Running node repair.
To understand how repair works and the information described in this topic, please read the blog article Advanced repair techniques.
The nodetool repair command repairs inconsistencies across all of the replicas for a given range of data. Run repair in these situations:
- As a best practice, you should schedule repairs weekly.Note: If deletions never occur, you should still schedule regular repairs. Be aware that setting a column to null is a delete.
- During node recovery. For example, when bringing a node back into the cluster after a failure.
- On nodes containing data that is not read frequently.
- To update data on a node that has been down.
Guidelines for running routine node repair include:
- The hard requirement for routine repair frequency is the value of gc_grace_seconds. Run a repair operation at least once on each node within this time period. Following this important guideline ensures that deletes are properly handled in the cluster.
- Use caution when running routine node repair on more than one node at a time and schedule regular repair operations for low-usage hours.

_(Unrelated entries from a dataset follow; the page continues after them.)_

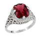 Crafted in an elegant vintage pierced filigree design, this vintage solitaire garnet ring design showcases an intricately detailed engraved flowers and leaves motif. The classic antique style of this beautiful heirloom rhodolite garnet filigree ring is sure to be adored!
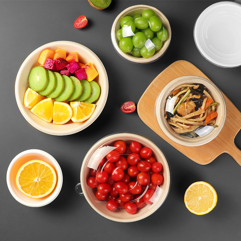 手柄碗一次性纸碗酸奶碗苹果碗芋泥冰碗绵绵冰打包盒圆形碗
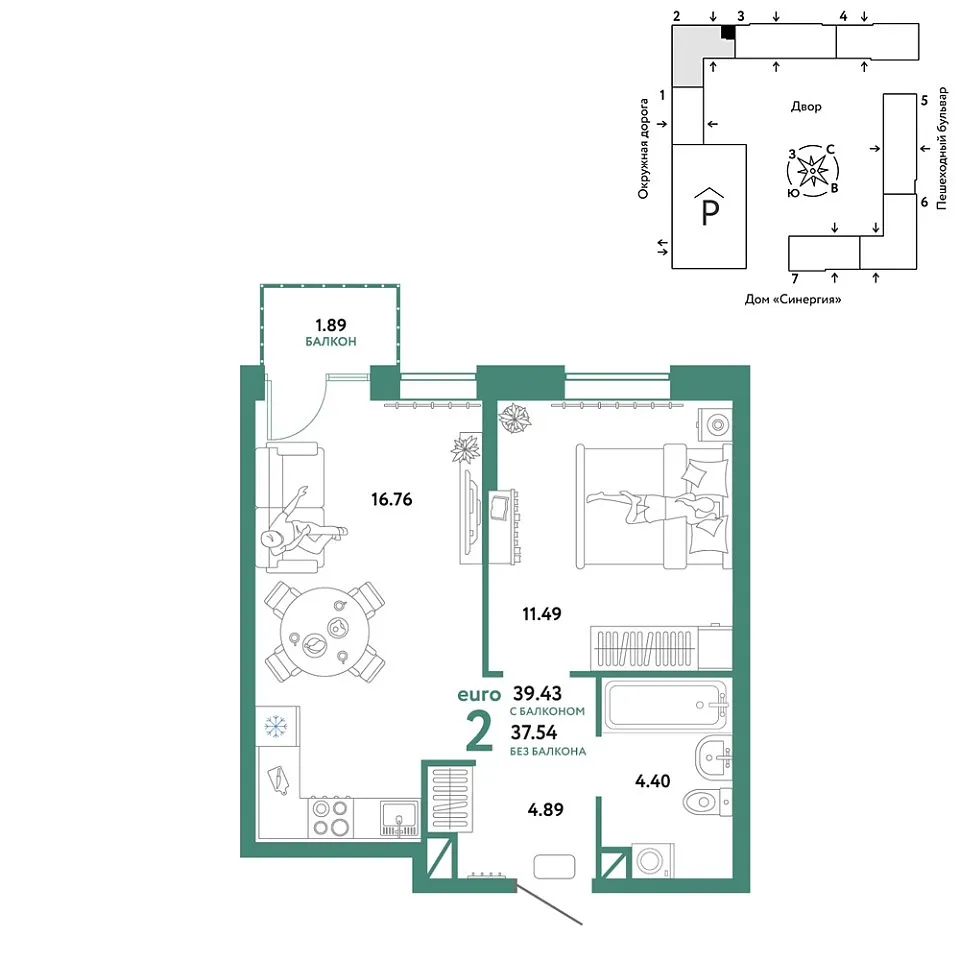 Купить новую двухкомнатную квартиру 39.43 м² на 4/16 этаже в ЖК «Юнион», г. Тюмень за 6633333 ₽ | Агентство недвижимости «Вплюсе.Топ» — Недвижимость России
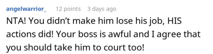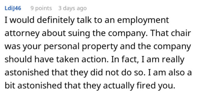 I got a new job in sales working for a company that sells access control systems, CCTV systems, etc. The chair in my cubicle was uncomfortable AF, so I day 3 I brought in my own Herman Miller Aeron chair. On day 4 it was missing. I looked around and another sales rep was sitting in it. I asked for it back but he basically told me to F off.I went and spoke to the owner of the company. He told me that the chairs aren't reserved. They are first come first serve. I explained that I OWN the chair and it cost me $1800. He told me that I need to come in earlier if I want that chair.The next day the same guy was sitting in it when I got to the office. I told him to give it back or I was going to call the cops. He refused. So I called the cops.It was quite the scene, but in the end he admitted that he took my EIGHTEEN HUNDRED DOLLAR chair. I was prepared. I had the receipt which showed the serial number. (Yes, Aeron chairs have serial numbers.) They asked me if I wanted to press charges. My new boss said I would be terminated if I had him arrested, so I said "Absolutely! I want to press charges!"My new boss fired me on the spot, so I carried my chair out with me a I was leaving. And yes, the cops arrested the dude who took my chair (He admitted to it!).The dude who took my chair has been in the industry for about 15 years, but he's going to lose his security license, which means he won't be able to work in the industry. He's going to lose his job. I don't give a shit. He shouldn't have stolen my chair.Am I the asshole for making this dude lose his job?Here's how the Reddit community reacted.
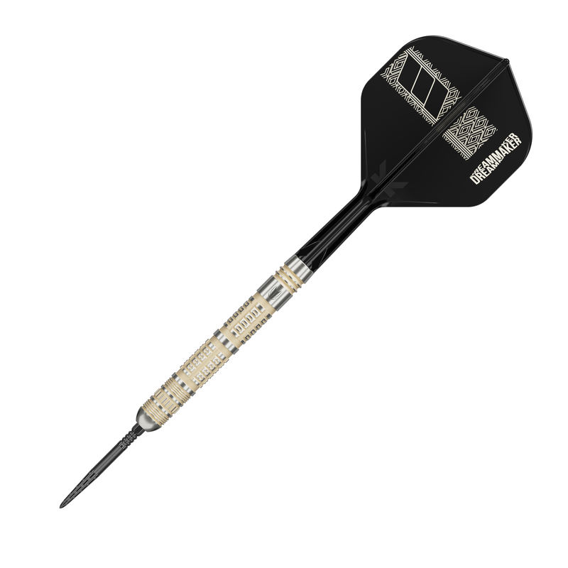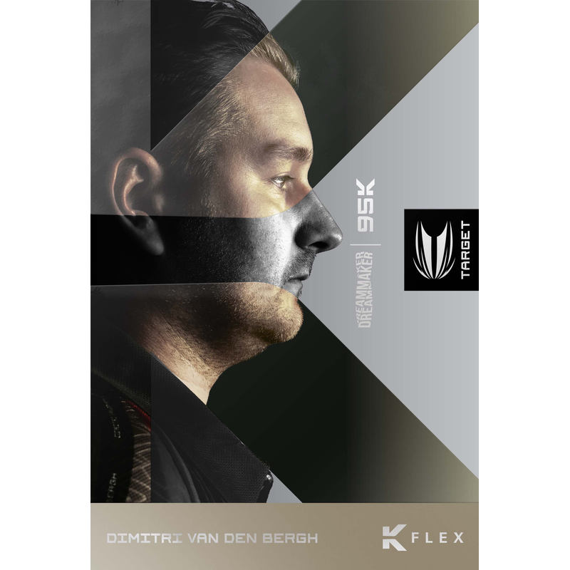 Paired with exclusive K-Flex integrated flight and shaft systems, the 95K darts offer unmatched durability and stability in-flight. The K-Flex system is moulded from a single piece, eliminating flight separation, and improving aerodynamics. The black flights are printed with Dimitri’s signature “DreamMaker” logo, adding a sleek, personal touch.
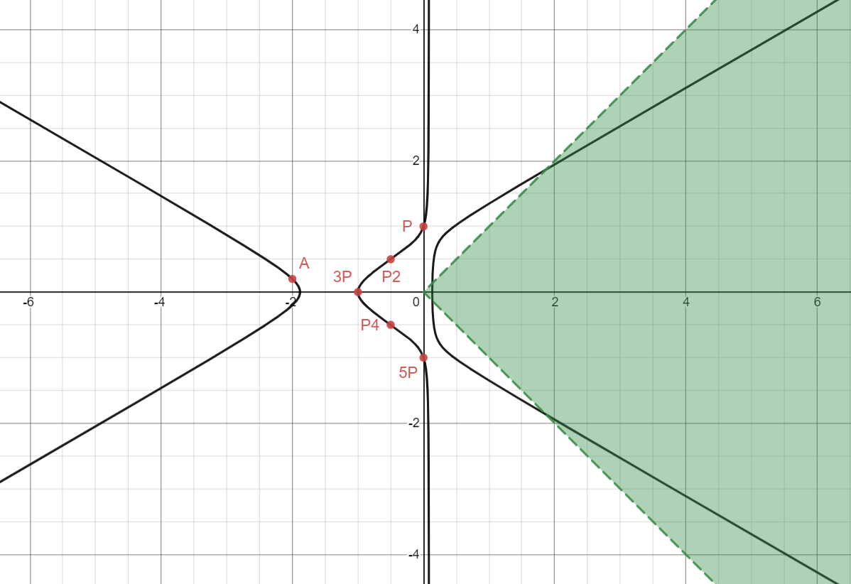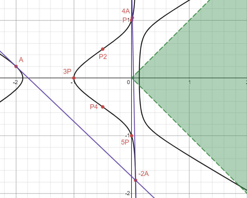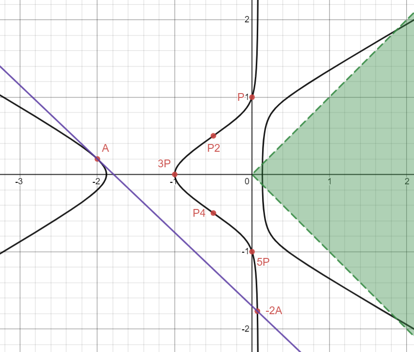To reiterate, our goal is to find a rational point on the curve that lies in this region. Hence, this turns into a fun little game of “math football”: We need to use the line trick to generate more and more points until we reach the “goal” that is the green region.

- In systems that seldom delete or overwrite data, you can raise the value of gc_grace with minimal impact to disk space. This allows wider intervals for scheduling repair operations with the nodetool utility.

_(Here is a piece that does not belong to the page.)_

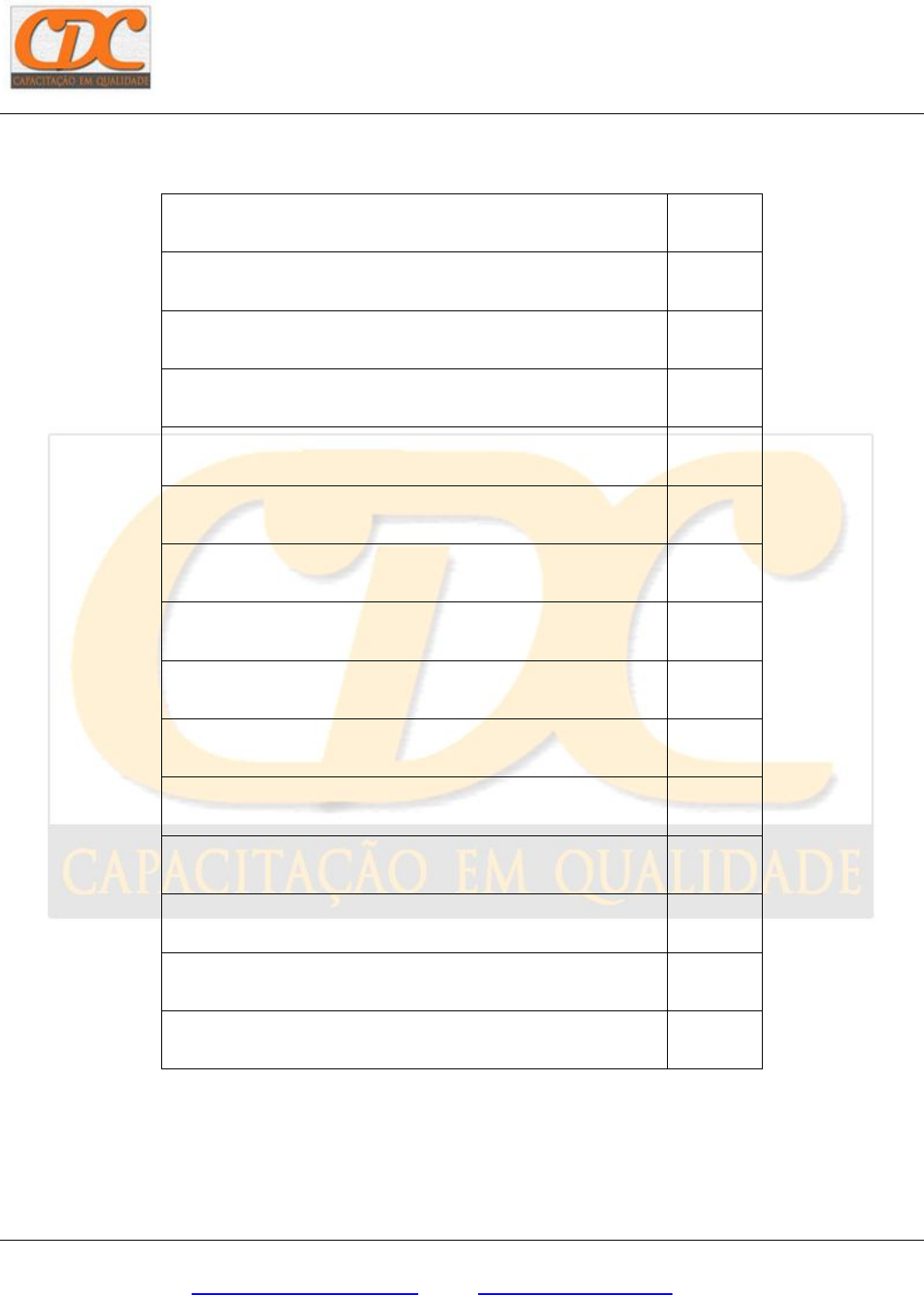 APOSTILA TEÓRICA Contagem / MG (31)30328340 (31)84981643 - Rio de Janeiro (21)3684-1230 (21)79744951 (21)9949-1429 contato@cdccursos.com.br - www.cdccursos.com.br 1 ÍNDICE Introdução 02 Terminologia 05 Simbologia 19 Processos 61 Consumíveis 83 Metalurgia 95 Controle de Deformações 104 Metais de Base 117 Ensaios Mecânicos 120 Ensaios Não Destrutivos 124 Qualificações 131 Instrumental e Técnicas de Medidas 139 Documentos Técnicos 153 Proteção 161 Gabarito 165 APOSTILA TEÓRICA Contagem / MG (31)30328340 (31)84981643 - Rio de Janeiro (21)3684-1230 (21)79744951 (21)9949-1429 contato@cdccursos.com.br - www.cdccursos.com.br 2 INTRODUÇÃO 1 – Um Inspetor de Soldagem Nível 1 foi indicado para participar de uma qualificação de um procedimento de soldagem. Das alternativas apresentadas abaixo, marque a única que realmente representa a sua atuação. (a) Interpretar os requisitos da norma técnica, no que se refere à soldagem, que conduzirá a qualificação; (b) Analisar os resultados dos ensaios não destrutivos realizados durante a qualificação; (c) Acompanhar a execução das peças de teste; (d) Aprovar a qualificação ao final de todo o processo; (e) Testemunhar a execução do ensaio mecânico de tração. 2 – Durante a soldagem de uma junta de um determinado equipamento, qual das alternativas abaixo não condiz com a atuação de um Inspetor de Soldagem Nível 2. (a) Verificar a atuação dos soldadores na execução dos serviços; (b) Verificar se a Especificação de Procedimento de Soldagem, que está sendo utilizada, está adequada ao serviço que se encontra em execução; (c) Verificar se o soldador, que está executando a soldagem, está qualificado para a realização do serviço; (d) Emitir laudo do ensaio não destrutivo Líquido Penetrante executado na face do chanfro antes do início da soldagem; (e) Verificar se os equipamentos de soldagem utilizados estão de acordo com o especificado. 3 – Após a finalização da soldagem de uma junta de topo, um Inspetor de Soldagem Nível 1 foi chamado para acompanhar a realização de um tratamento térmico. Assinale a única atividade que não condiz com a sua atuação. (a) Verificar se a execução do tratamento térmico está sendo conduzido de acordo com os procedimentos de tratamento térmico e as instruções de fabricação e /ou execução; (b) Permitir que o tratamento térmico seja realizado após a soldagem, independentemente do resultado dos ensaios não destrutivos; (c) Verificar se os ensaios não destrutivos realizados após o tratamento térmico foram realizados por profissionais qualificados. (d) O Inspetor de Soldagem Nível 1 não pode verificar se o tratamento térmico está sendo executado de acordo com as normas e especificações técnicas, tendo em vista que esta atividade só pode ser realizada por um Inspetor de Soldagem Nível 2. (e) Não é obrigatória a presença do Inspetor de Soldagem Nível 1 durante a realização do tratamento térmico. 4 – Dentre as muitas atividades existentes durante a qualificação de um procedimento de soldagem, assinale a única atividade que um Inspetor de Soldagem Nível 2 não pode realizar. (a) Realizar os dois ensaios de tração transversal; (b) Testemunhar a execução do ensaio de impacto; (c) Avaliar os resultados de todos os ensaios mecânicos em comparação com os critérios estabelecidos pelas normas técnicas; (d) Emitir laudo do ensaio macrográfico realizado; (e) Testemunhar as condições de preparação dos corpos-de-prova. APOSTILA TEÓRICA Contagem / MG (31)30328340 (31)84981643 - Rio de Janeiro (21)3684-1230 (21)79744951 (21)9949-1429 contato@cdccursos.com.br - www.cdccursos.com.br 3 5 – Correlacionando a atuação do Inspetor de Soldagem Nível 2 com os ensaios mecânicos que fazem parte da qualificação de um procedimento de soldagem, marque a alternativa incorreta. (a) O Nível 2 pode testemunhar a execução do ensaio de dobramento; (b) O Nível 2 está autorizado a determinar o ensaio de dureza por meio de medidores portáteis; (c) O Nível 2 pode emitir laudos dos corpos-de-prova referentes aos ensaios macrográficos; (d) O Nível 2 pode testemunhar as condições de preparação de todos os corpos-de-prova confeccionados para a qualificação em questão; (e) O Nível 2 pode testemunhar a execução do ensaio de tração. 6 – Quando se refere aos temas “Consumíveis de Soldagem” e “Material de Base”, indique qual das alternativas abaixo é de responsabilidade única do Inspetor de Soldagem Nível 2: (a) Contatar o Setor de Vendas do fabricante do material de base (aço) para solicitar o material de base necessitado; (b) Através da comparação entre marcações e documentos aplicáveis, checar se o material de base comprado foi exatamente o especificado; (c) Verificar se os consumíveis de soldagem estão sendo corretamente armazenados, conforme recomendação do fabricante ou outros documentos aplicáveis; (d) Verificar se os consumíveis de soldagem recebidos na fábrica estão corretos, comparando entre os certificados de qualidade dos consumíveis e os requisitos das normas e especificações técnicas dos produtos; (e) Verificar se, dependendo do teor da umidade relativa do ar, haverá a necessidade de aumentar o tempo de ressecagem dos eletrodos revestidos básicos, conforme estabelecido no catálogo do revendedor do consumível. 7 – Em relação ao Termo de Conduta e Ética que regem o Sistema Nacional de Qualificação e Certificação de Inspetores de Soldagem, marque a alternativa incorreta. (a) Caso um dos itens que constam no Termo de Conduto e Ética não seja respeitado, a penalidade que será imposta ao Inspetor de Soldagem é a revogação de sua certificação; (b) O Certificado obtido pelo Inspetor de Soldagem só será válido se o profissional atender os critérios exigidos pela Norma NBR 14842; (c) Em nenhuma hipótese, tanto os Inspetores de Soldagem quanto os Empregadores, não podem

Repair requires intensive disk I/O. This occurs because of the validation compaction used for building the Merkle tree. To mitigate heavy disk usage:
- Use the nodetool compaction throttling options (setcompactionthroughput and setcompactionthreshold).
- Use nodetool repair-snapshot.
When this option is specified, the repair command takes a snapshot of each replica immediately and then sequentially repairs each replica from the snapshots. For example, if you have RF=3 and A, B and C represents three replicas, this command takes a snapshot of each replica immediately and then sequentially repairs each replica from the snapshots (A<->B, A<->C, B<->C) instead of repairing A, B, and C all at once. This allows the dynamic snitch to maintain performance for your application via the other replicas, because at least one replica in the snapshot is not undergoing repair.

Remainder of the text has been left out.